Tavistock Museum

Restoring Our Brentor Banner

Brentor Band-of-Hope banner made for the congregation of the Brentor Bible Christian Chapel in about 1900

Each year Tavistock Museum tries to repair an object in its collection. This summer textile conservators at the Royal Albert Memorial Museum (RAMM) in Exeter are restoring the Brentor village banner.


With its vibrant colours, The Band-of Hope banner is the most impressive of our three religious banners. Sadly, it is the one most in need of restoration to stop deterioration and repair damage.

The Band-of-Hope was a temperance movement which received popular support in the years leading up to the First World War. Village branches became part of the social fabric in the Tavistock mining areas as many Methodist chapels supported the temperance cause. Pre-WW1 they held biennial demonstrations where columns of young people walked behind their village banners. These were some of the longest processions seen in our town.

It was a grand day out for the young people. The events took on a carnival-like atmosphere and ended with musical entertainment. Having such a striking banner to follow would have been a cause of great pride for the young people of Brentor.

The 21.5 m x 1.5 m Brentor Band-of-Hope banner is believed to have been made for the congregation of the Brentor Bible Christian Chapel in about 1900. An important object for our mining world heritage site, it shows the close link between Methodist chapels and their communities. As religious and social centres, the chapels did much to hold mining communities together during times of economic boom-and-bust.

The banner appears in the early pre-WW1 photographic records of our town which feature the demonstrations. Two persons holding vertical poles carried the banner, which hung from a horizontal rail between the poles. It is rare to have a museum object so closely linked to a local village.
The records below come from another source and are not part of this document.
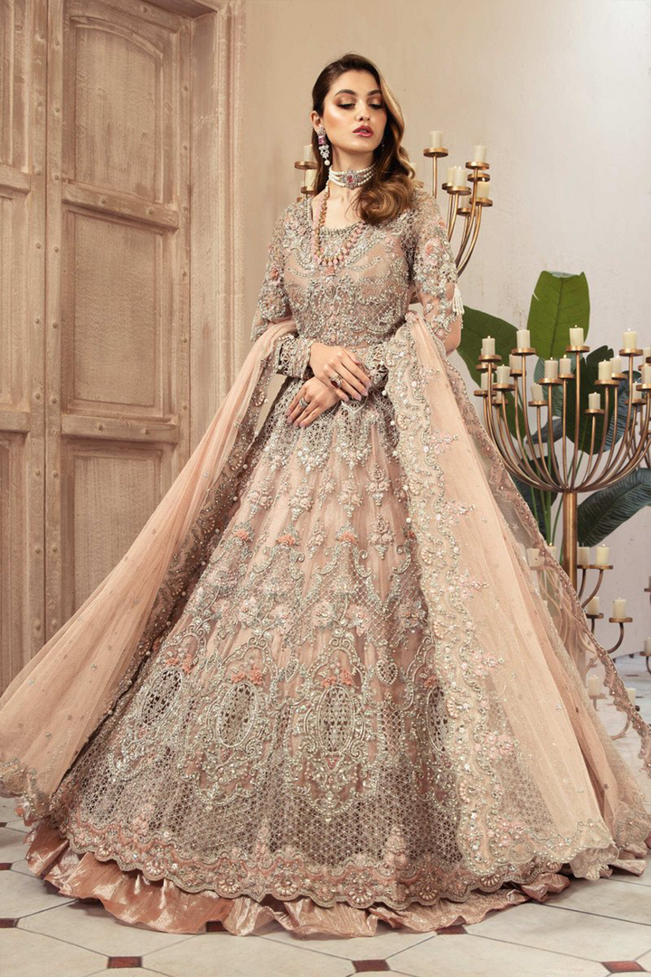 Alluring long gown glamorized with a beaded neckline, pearls, diamonites, sequence and 3D floral handwork with intricate cutwork detailing and a scalloped worked velvet border.
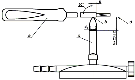 Затем горелку помещают в испытательное положение, как показано на рисунке 27, таким образом, чтобы ось пламени была перпендикулярна оси инструмента.
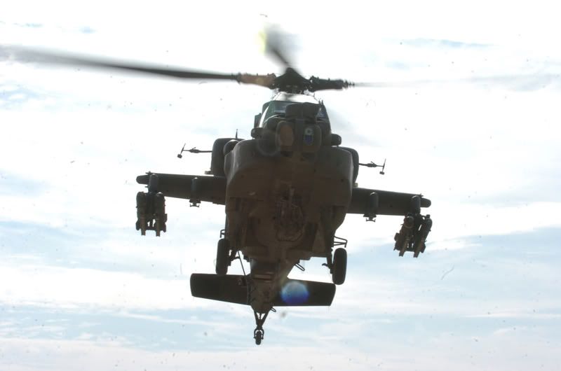 An AH-64 Apaches, belonging to the 1st Attack Reconnaissance Battalion, 1st Aviation Regiment, takes off from Forward Operating Base Warhorse, Iraq, Jan. 18. The Apache is stationed at Contingency Operating Base Speicher and is part of the Combat Aviation Brigade, 1st Infantry Division, which is in charge of all aviation assets in northern Iraq.
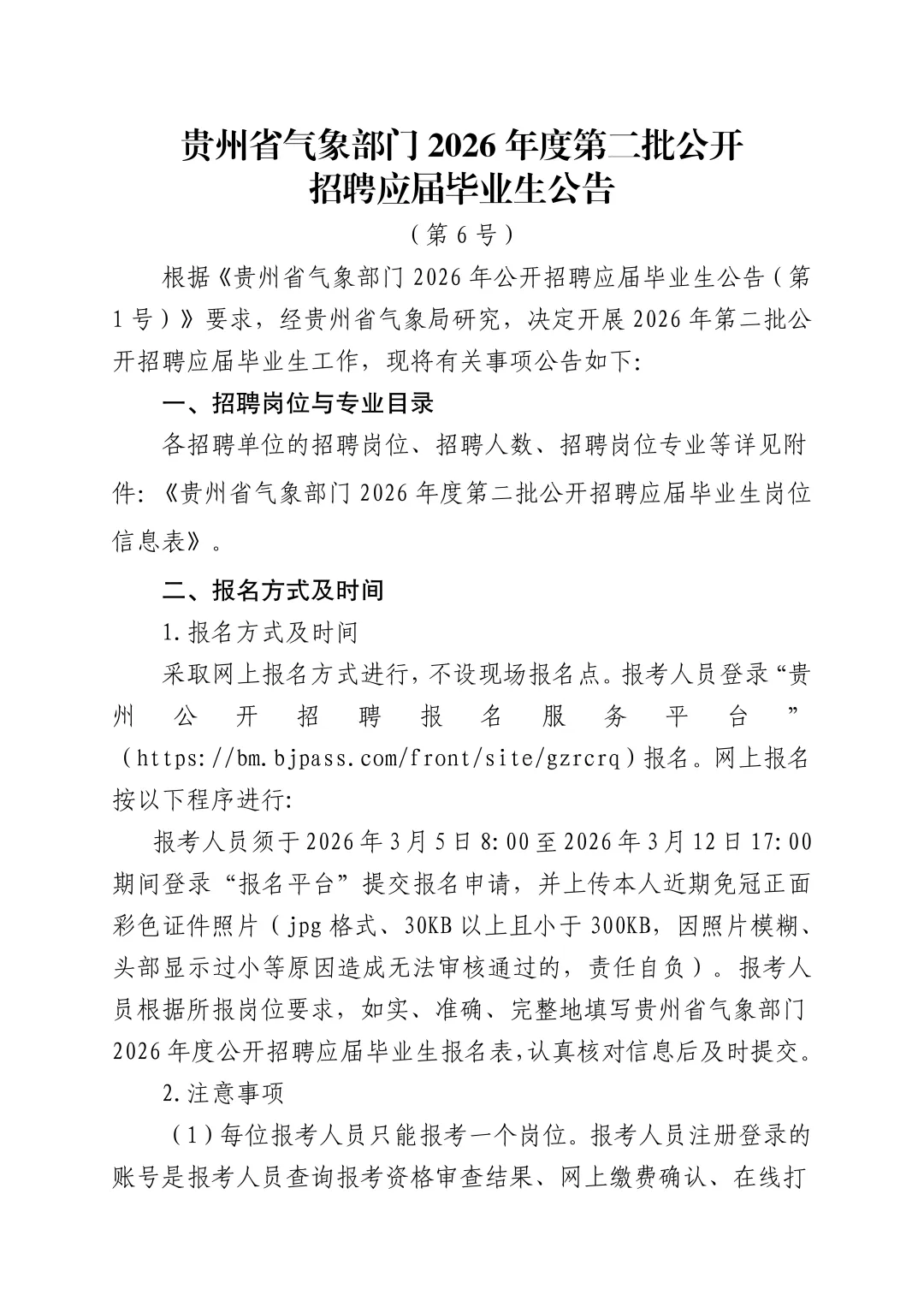贵州省气象部门招新啦!2026年度第二批应届生招聘启动,快来报名!
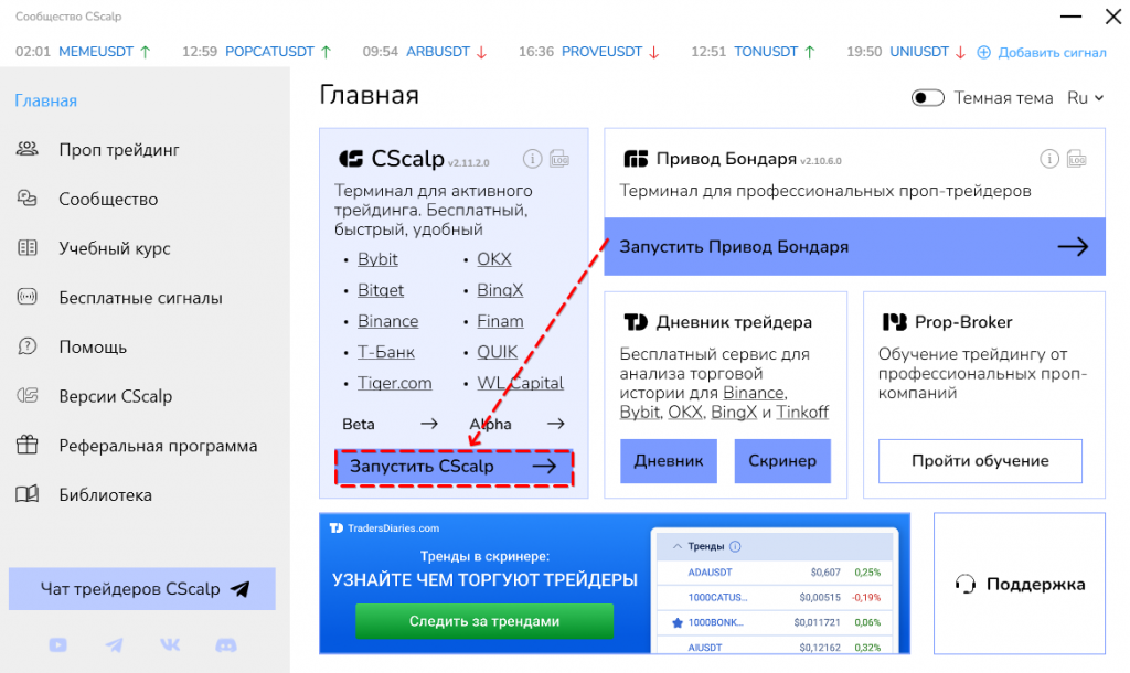 Запускаем FSR Launcher. В открывшемся окне кликаем «Запустить CScalp».

After WW1 support for the temperance movement fell away and there was no further use of the banner. For decades, it lay folded at the back of a local chapel until the Tavistock Methodist Circuit donated it to the museum in 2019.

This year a textile conservator at RAMM carried out a condition assessment. They identified a number of issues including – minor structural damage, surface damage, disfigurement, chemical deterioration, biological deterioration and accretions. Much of the restoration work has been carried out under supervision by a young person from Tavistock named Martha who is a textile conservation student at the Centre for Textile Conservation, Glasgow University.

The museum is grateful for the offers of financial support from local organisations and residents to undertake this project.